Nessa relação todos os “pequenos nadas” que dão à vida seu sal constituem uma dimensão essencial: um olhar, uma palavra amiga, um gesto de carinho, uma pequena atenção. O que mantém vivo, “com vida”, uma pessoa nessas condições é a afeição, a ternura, o aconchego no qual possa haver a presença de alguém que o reconheça, que o escute, que o acolha. O cuidar vai além do atendimento às necessidades básicas do sujeito, é um exercício de respeito, de amor e compaixão. Tão mais importante quando privilegia os momentos em que esse doente pode se expressar como sujeito. Ele sabe quando lhe faltam com respeito, quando insistem em procedimentos que ele recusa. Os procedimentos que podem ajudá-lo devem ser tentados, mas que se discuta com ele sua posição e escolha.
É muito penoso para o doente que está ficando cada vez mais dependente ter a impressão que está perdendo seu estatuto de sujeito. Até o final da vida persiste sua sensibilidade aos efeitos de uma fala. E diante do inevitável o maior consolo talvez seja poder fazer um balanço positivo da vida que se está prestes a deixar.
Retornamos assim ao ponto de onde partimos: é a maneira como vivemos que nos prepara para morrer. Ou, como transmitiu Sêneca: "Deve-se aprender a viver por toda a vida e. por mais que tu talvez te espantes, a vida toda é um aprender a morrer".
Helena Maria Galvão Albino,
Psicanalista com Especialização pela UFMG
Membro do fórum do Campo Lacaniano – FCL-BH

3 comentários:

Anônimo disse...

Excelente texto. Transmita à autora meus parabéns. Vou usá-lo este semestre em atividade academica com meus alunos. Claudia Lins Prado

Anônimo disse...

Apesar de ser um tema/tabu gostei muito.

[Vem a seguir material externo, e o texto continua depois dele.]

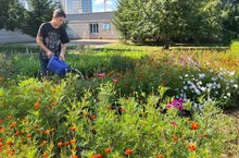 Җәйге каникул вакытында мәктәп яны тәҗрибә участогында һәм хезмәт лагерендә эшләүче укучылар җәй буе тырышып хезмәт куялар. Июль, август айларында яңгыр булмады дисәк тә ялгыш булмас. Шулай булса да гимназия тирәсенә утыртылган аллы - гөлле чәчәкләр тирә – юньгә ямь биреп үсеп утыралар. Искиткеч матурлык! Бу әлбәттә безнең укучыларыбызның, җаваплы укытучыларыбызның күп көч куюы, тырышлыгы нәтиҗәсе. Август аенда эшләтүче педагоглар - Заһитова Зөлфия Мөхәмәтнур кызы һәм Маврина Рузилә Сәгыйрь кызы укучылар белән уртак тел табып эшлиләр, укучыларны хезмәт күнекмәләренә төшендерәләр, матурлыкны күрә белергә, сакларга өйрәтәләр.
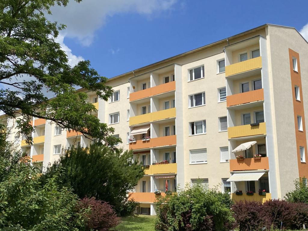 Die angebotene 3-Raum-Wohnung befindet sich im Erdgeschoss eines gepflegten und sanierten Mehrfamilienhauses aus dem Jahr 1968. Auf etwa 60 m² bietet sie eine praktische Raumaufteilung in gemütlichem Ambiente. Hervorzuheben ist das lichtdurchflutete Wohnzimmer mit Balkonzugang, welcher zur riesigen Grünfläche hin ausgerichtet ist. Besonders angenehm ist zudem das Tageslichtbad mit moderner Dusche.
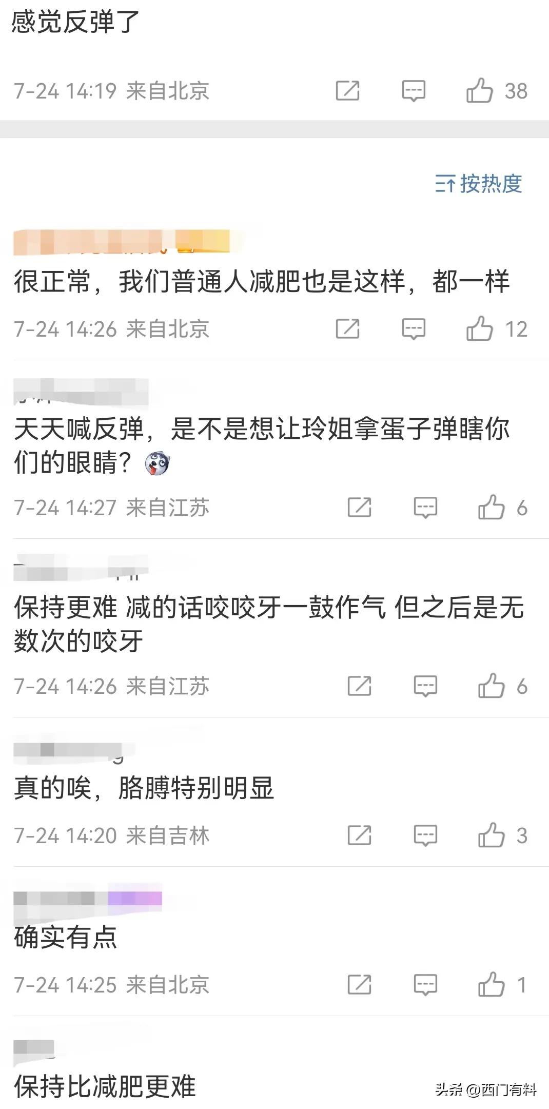 贾玲体重回弹,网友猜测有135斤[笑哭] 不过话说回来,瘦下去容易长久保持确实难,之前训练太严,恢复正常以后胖回来一点也是正常的,以后肯定是生活化的状态! 也有网友表示她都这么牛了,胖点瘦点都无所谓了! 还有网友说贾玲最近胖了是因为在湖南录百变五 侠 那个节目,瞿颖带着她吃吃吃胖的[我想静静]

Continue nos prestigiando com estes ótimos textos. Aprecio bastante sua capacidade de escrever com extrema leveza/clareza e sem abdicar da profundidade. Quando sair seu livro faremos uma ampla divulgação.

Eduardo Cadore disse...

Olá.
Parabéns pelo ótimo texto. Com certeza uma escrita leve e instigante. Coordeno um grupo de estudos sobre a morte e o morrer, na Universidade onde estudo, e irei mandar por email este link.
Durante alguns meses nos encontramos semanalmente, lendo e discutindo sobre a morte e seus temas correlatos, como suicídio e o luto. Seu texto vem muito bem ao encontro do que conversamos e é ótimo para um fechamento ou abertura de um grupo como este que cito.
Parabéns também por escrever sobre o tema.